- **Task description**: Exactly the lines from the start of the entries through the line with "Daha sonra Torul" are required in the output, with no pictures among them.
※
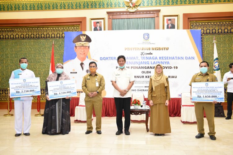 Tanjung Pinang (Riaulantang) – Plt. Gubernur Kepri H. Isdianto menyerahkan Insentif beserta piagam penghargaan kepada Dokter, Perawat, Tenaga Kesehatan dan Penunjang lainnya dalam Penanganan Pasien Covid-19 di RSUD Ahmad Tabib bertempat di Gedung Daerah, Tanjungpinang, Senin (30/3).
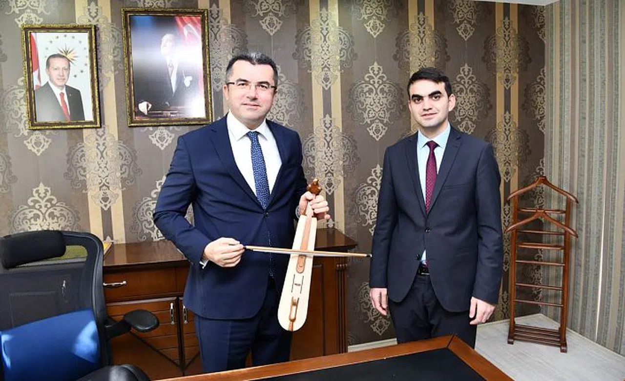 Daha sonra Torul İlçesine gelerek Kaymakamlığı ziyaret eden Vali Memiş’e Kaymakamlık ziyaretinde Kaymakam Vekili Hasan Hüseyin Alpaslan tarafından kemençe hediye edildi.
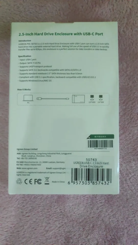 Кейс для SSD просто отличный, приятно держать в руках, диск внутри держится очень жестко, работает через USB отлично. Вообще товары марки Ugreen очень качественные. Молодцы. Спасибо продавцу. Отправил быстро. Только, шло долго. Но, думаю это из-за праздников в КНР.
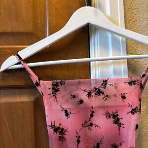 NWT Wild Fable Crisscross Back Flocked Mesh Midi Slip Dress Pink Women's Small
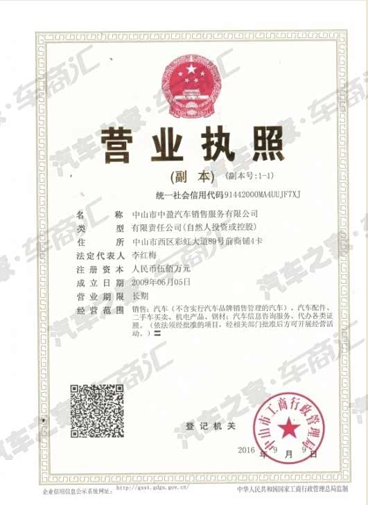 中山市中盈汽车销售服务有限公司
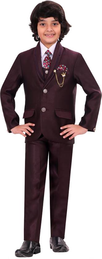BT DEZINES 5 Piece Coat Suit Set: Shirt Pants Blazer Waistcoat & Tie for Kids & Boys Solid Boys Suit
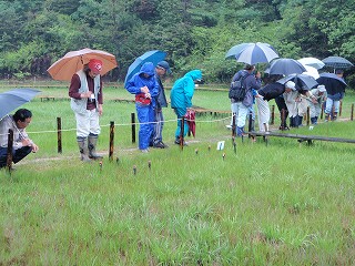 天候不順で春の訪れは遅いかと思っていましたが、ハッチョウトンボも何匹もいたし、モウセンゴケも昨年同様でした。虫さんたちも雨宿りしているのか動かないので撮影には適していたかも知れません。かたつむりもたくさん這っていて、カエルも盛んに鳴いてくれて、雨の日の観察会もいつもと違って楽しいものでした。
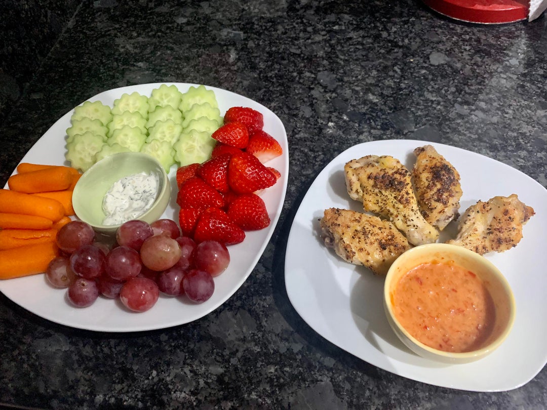 Air-fryer wings and snack plate (sweet chili dipping sauce for wings and dill dip for veggies) – 768 cals Write A CommentYou must be logged in to post a comment.
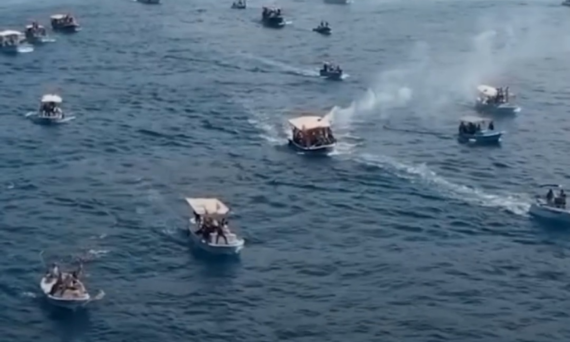 Manifestation en mer organisé jeudi, au large des côtes méditerranéennes de Hatay, en Turquie, pour exprimer leur solidarité avec la flottille Sumud CAPJPO-Europalestine
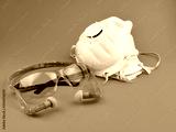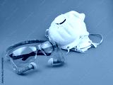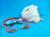 Personal protective equipment. PPE for workers. Dust masks, safety glasses and earplugs on a blue background
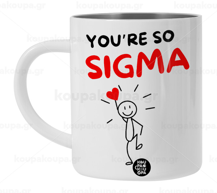 Sigma Valentine's Day , Λευκή Ανοξείδωτη Μεταλλική Κούπα 450ml - Διπλού Τοιχώματος
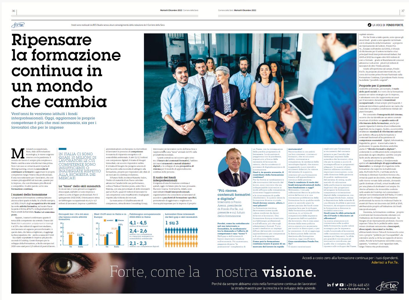 Ripensare la formazione continua in un mondo che cambia Pubblicato il06/12/2022 Corriere della Sera – 6 Dicembre 2022 Formazione cruciale per PMI e lavoratori 05/10/202301/12/2023 Formazione, dote da 1 miliardo. Al centro le competenze digitali 07/12/202201/12/2023 Formazione Continua, la visione di Fondo For.Te. 06/12/202201/12/2023 Qualità garantita con rating, performance e tecnologia 29/11/202201/12/2023 Dossier Formazione Continua – Digitale e ambiente, la transizione è il pilastro della Formazione Continua 29/11/202201/12/2023 Le Competenze Corrette Sono Centrali 29/11/202201/12/2023
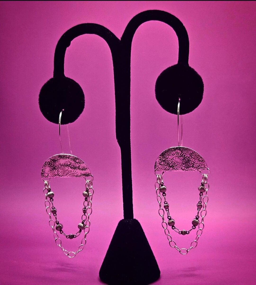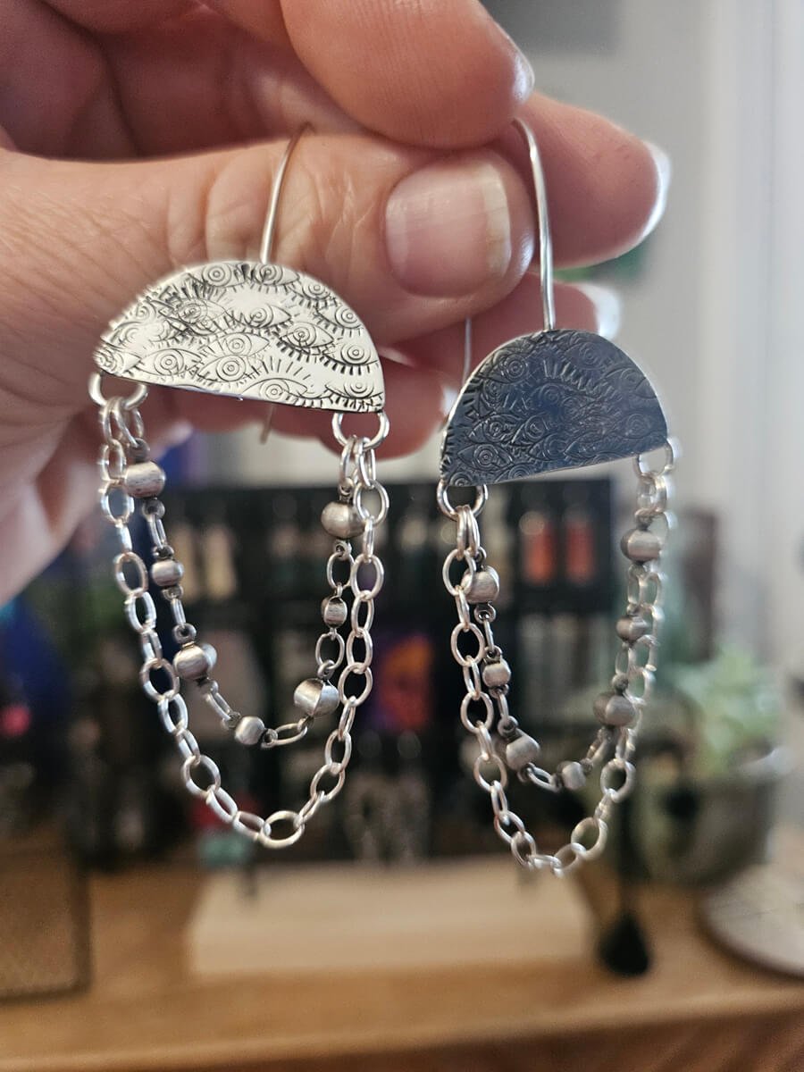 Handmade sterling silver earrings with hand stamped eye patterns on a half circle disc. Two silver bails were added to hold two sets of chains to add to this design with a French wire hook.
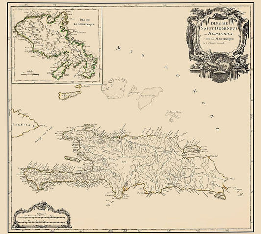 Caribbean Hispaniola Martinique - Boudet 1750 White Modern Wood Framed Art Print with Double Matting by Boudet
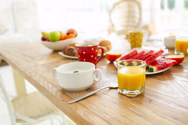 Кофе с фруктами, хлопьями и круассаном на фоне деревянного стола
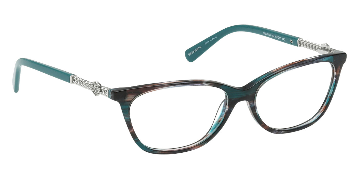 Bordeaux/Horn (069) Eyeglasses (HD50151 069 54) by Harley-Davidson. Size: 54-15-140, Shape: Rectangle, Material: Plastic.
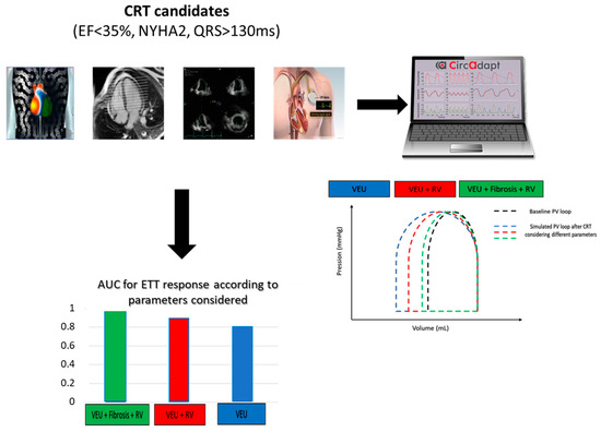 With the advent of artificial intelligence and increasingly powerful computer models, the future of cardiac resynchronization may lie in model-based patient selection. For example, the CircAdapt model allows the right and left ventricles to be subdivided into several segments, so that local electromechanical and interventricular inhomogeneity can be simulated [41]. Thus, segment activation times, as well as the electrical activation delay between the RV and LV (and therefore the VEU), are adjustable variables in CircAdapt, as are local or regional myocardial viability/rigidity and RV function. Variables such as VEU, SSI, fibrosis and RV function will be entered individually and jointly to explore the impact of each parameter on the variation in myocardial output in response to CRT. Thus, for each variable entered into the model, CircAdapt results in an individualized flow variation. These flow variations could be used to construct ROC curves (response prediction), enabling models to be compared with each other. This strategy is based on the assumption that acute variations in cardiac output are correlated with ventricular remodeling after CRT (Figure 5) [42].
※
- **Written response**:
 Tanjung Pinang (Riaulantang) – Plt. Gubernur Kepri H. Isdianto menyerahkan Insentif beserta piagam penghargaan kepada Dokter, Perawat, Tenaga Kesehatan dan Penunjang lainnya dalam Penanganan Pasien Covid-19 di RSUD Ahmad Tabib bertempat di Gedung Daerah, Tanjungpinang, Senin (30/3).
 Daha sonra Torul İlçesine gelerek Kaymakamlığı ziyaret eden Vali Memiş’e Kaymakamlık ziyaretinde Kaymakam Vekili Hasan Hüseyin Alpaslan tarafından kemençe hediye edildi.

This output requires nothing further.